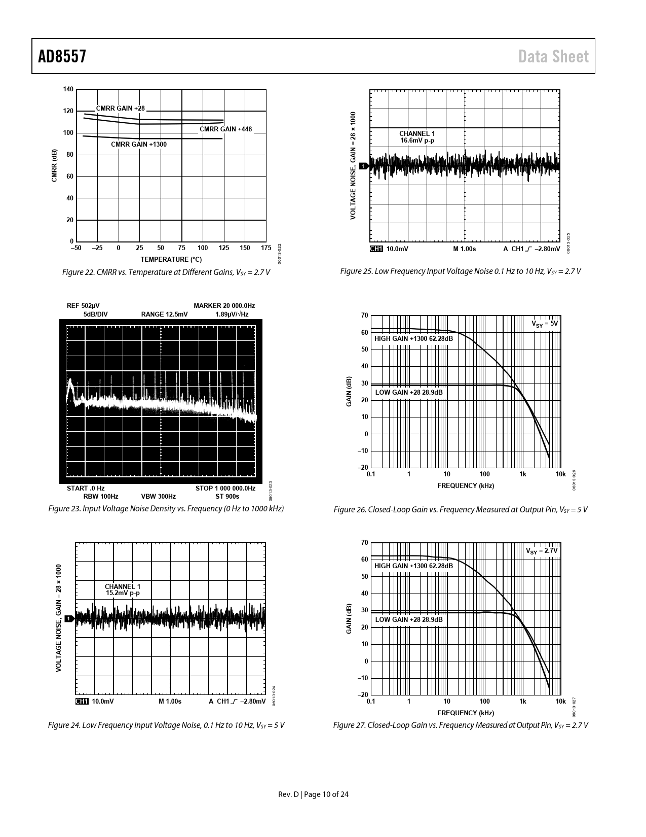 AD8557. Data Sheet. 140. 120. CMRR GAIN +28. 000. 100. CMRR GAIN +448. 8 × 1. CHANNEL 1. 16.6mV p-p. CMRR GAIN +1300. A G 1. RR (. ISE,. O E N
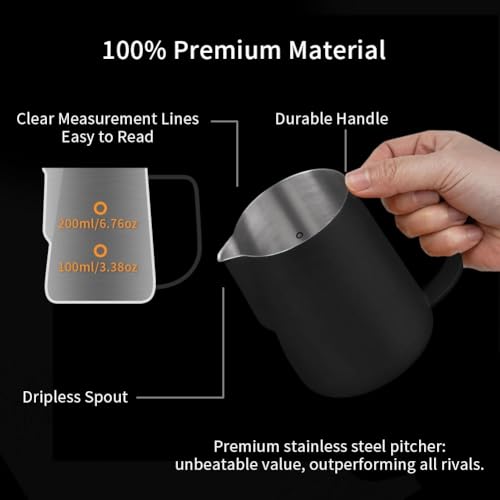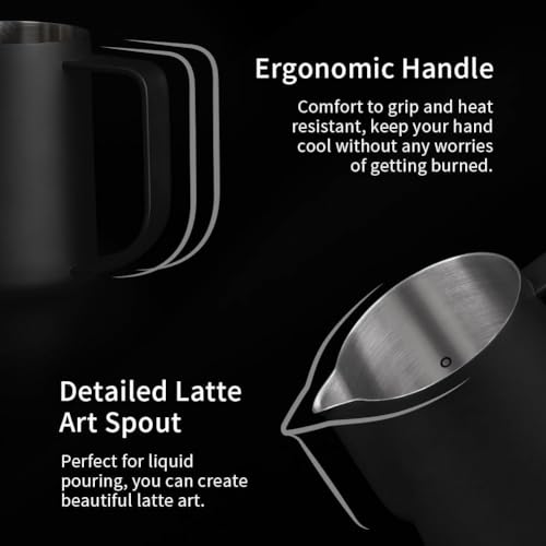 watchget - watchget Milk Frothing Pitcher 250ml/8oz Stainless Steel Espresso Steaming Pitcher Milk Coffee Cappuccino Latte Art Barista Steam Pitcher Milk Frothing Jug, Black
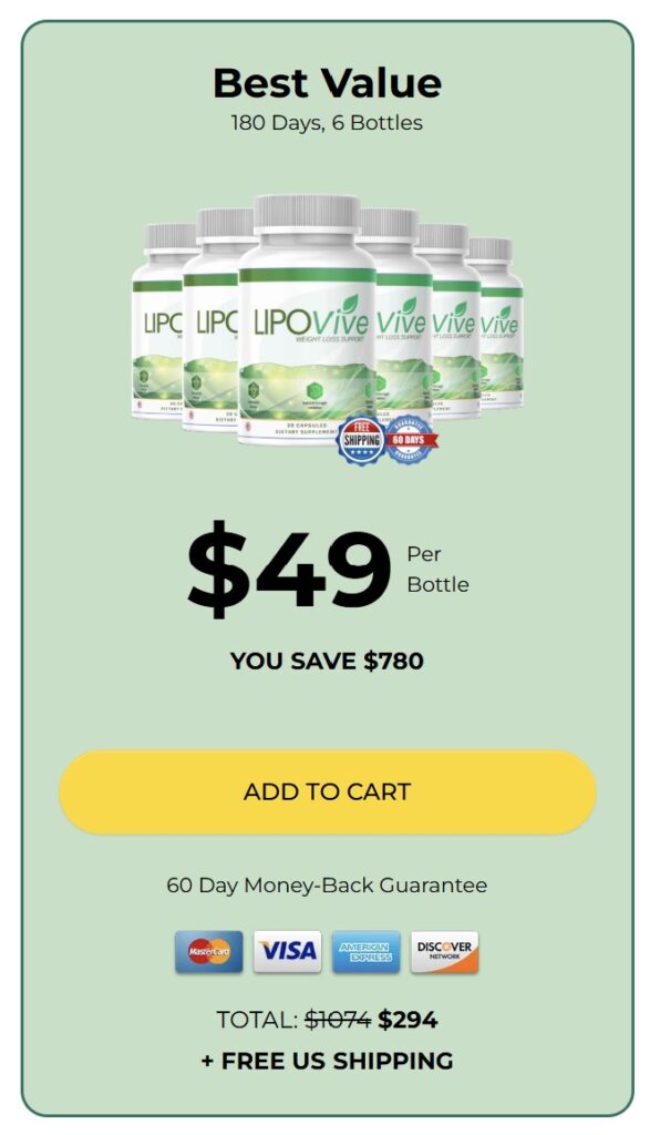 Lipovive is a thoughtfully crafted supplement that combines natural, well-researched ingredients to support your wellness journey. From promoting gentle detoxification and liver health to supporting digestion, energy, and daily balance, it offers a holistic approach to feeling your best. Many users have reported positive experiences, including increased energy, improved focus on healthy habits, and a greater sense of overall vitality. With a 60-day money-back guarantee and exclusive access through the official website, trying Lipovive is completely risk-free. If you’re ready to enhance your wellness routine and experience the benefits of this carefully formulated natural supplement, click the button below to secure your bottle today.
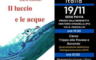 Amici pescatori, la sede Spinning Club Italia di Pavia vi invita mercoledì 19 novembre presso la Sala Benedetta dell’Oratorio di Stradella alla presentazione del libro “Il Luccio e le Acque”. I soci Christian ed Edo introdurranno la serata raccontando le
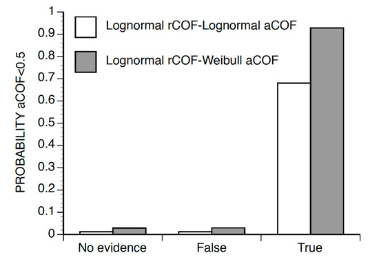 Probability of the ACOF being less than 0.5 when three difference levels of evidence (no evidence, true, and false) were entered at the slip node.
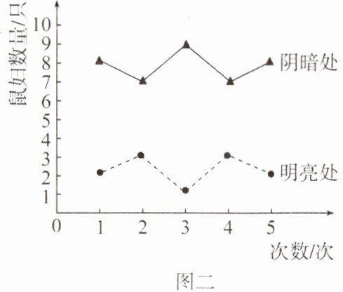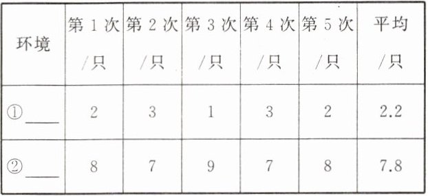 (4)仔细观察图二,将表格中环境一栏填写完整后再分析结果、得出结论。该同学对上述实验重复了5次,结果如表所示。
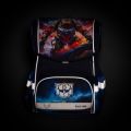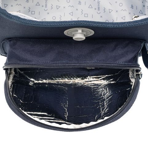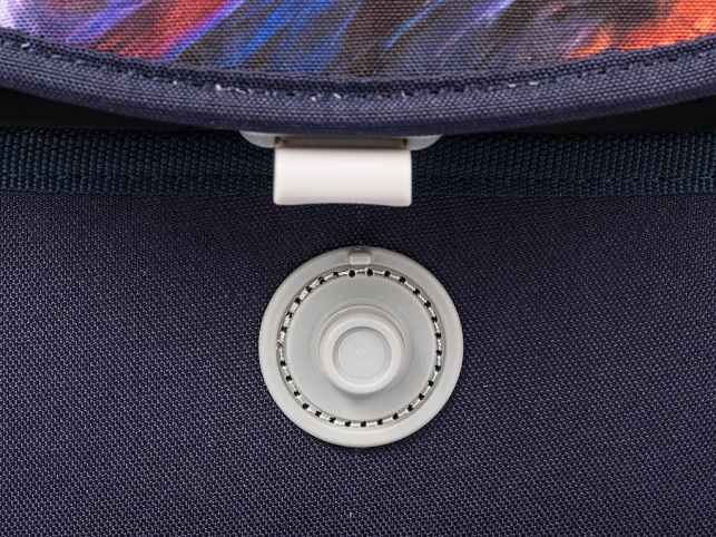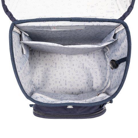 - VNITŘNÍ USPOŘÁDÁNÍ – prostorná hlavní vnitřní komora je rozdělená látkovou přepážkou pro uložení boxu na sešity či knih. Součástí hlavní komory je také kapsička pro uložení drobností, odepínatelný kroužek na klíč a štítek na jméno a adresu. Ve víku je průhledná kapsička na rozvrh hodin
--
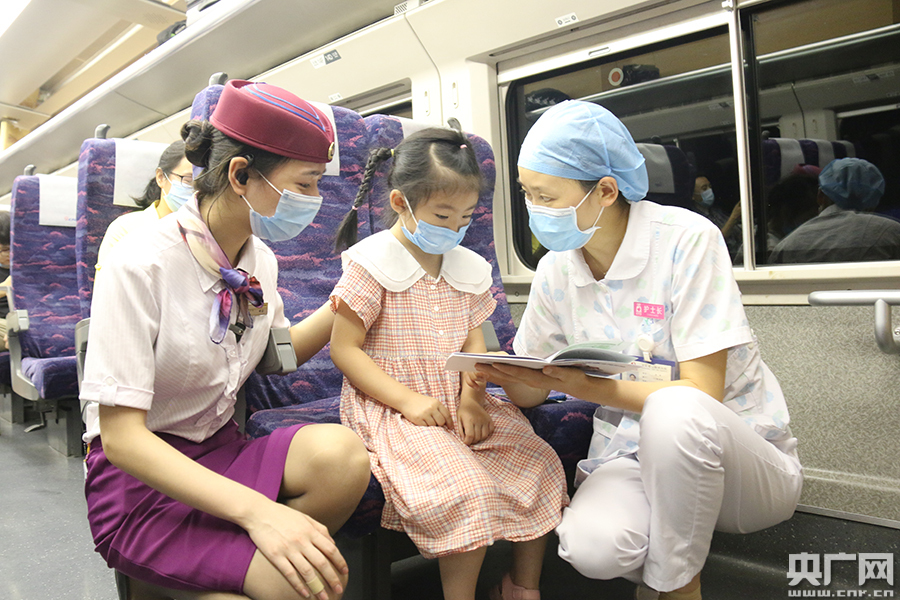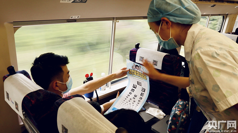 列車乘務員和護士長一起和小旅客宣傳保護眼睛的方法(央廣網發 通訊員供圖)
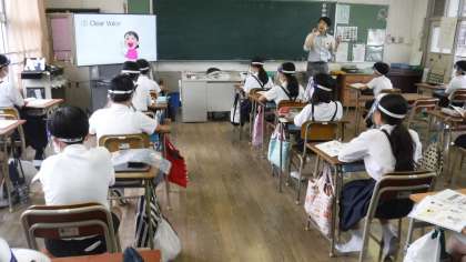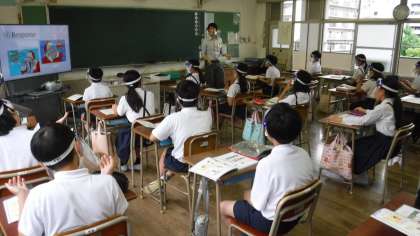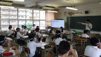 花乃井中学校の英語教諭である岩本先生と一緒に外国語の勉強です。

Your goal: Using the data above, return the lines from the one holding "AD8557. Data Sheet." through the one holding "Amici pescatori, la" exactly, but not the pictures.

Solution to this task:
 AD8557. Data Sheet. 140. 120. CMRR GAIN +28. 000. 100. CMRR GAIN +448. 8 × 1. CHANNEL 1. 16.6mV p-p. CMRR GAIN +1300. A G 1. RR (. ISE,. O E N
 watchget - watchget Milk Frothing Pitcher 250ml/8oz Stainless Steel Espresso Steaming Pitcher Milk Coffee Cappuccino Latte Art Barista Steam Pitcher Milk Frothing Jug, Black
 Lipovive is a thoughtfully crafted supplement that combines natural, well-researched ingredients to support your wellness journey. From promoting gentle detoxification and liver health to supporting digestion, energy, and daily balance, it offers a holistic approach to feeling your best. Many users have reported positive experiences, including increased energy, improved focus on healthy habits, and a greater sense of overall vitality. With a 60-day money-back guarantee and exclusive access through the official website, trying Lipovive is completely risk-free. If you’re ready to enhance your wellness routine and experience the benefits of this carefully formulated natural supplement, click the button below to secure your bottle today.
 Amici pescatori, la sede Spinning Club Italia di Pavia vi invita mercoledì 19 novembre presso la Sala Benedetta dell’Oratorio di Stradella alla presentazione del libro “Il Luccio e le Acque”. I soci Christian ed Edo introdurranno la serata raccontando le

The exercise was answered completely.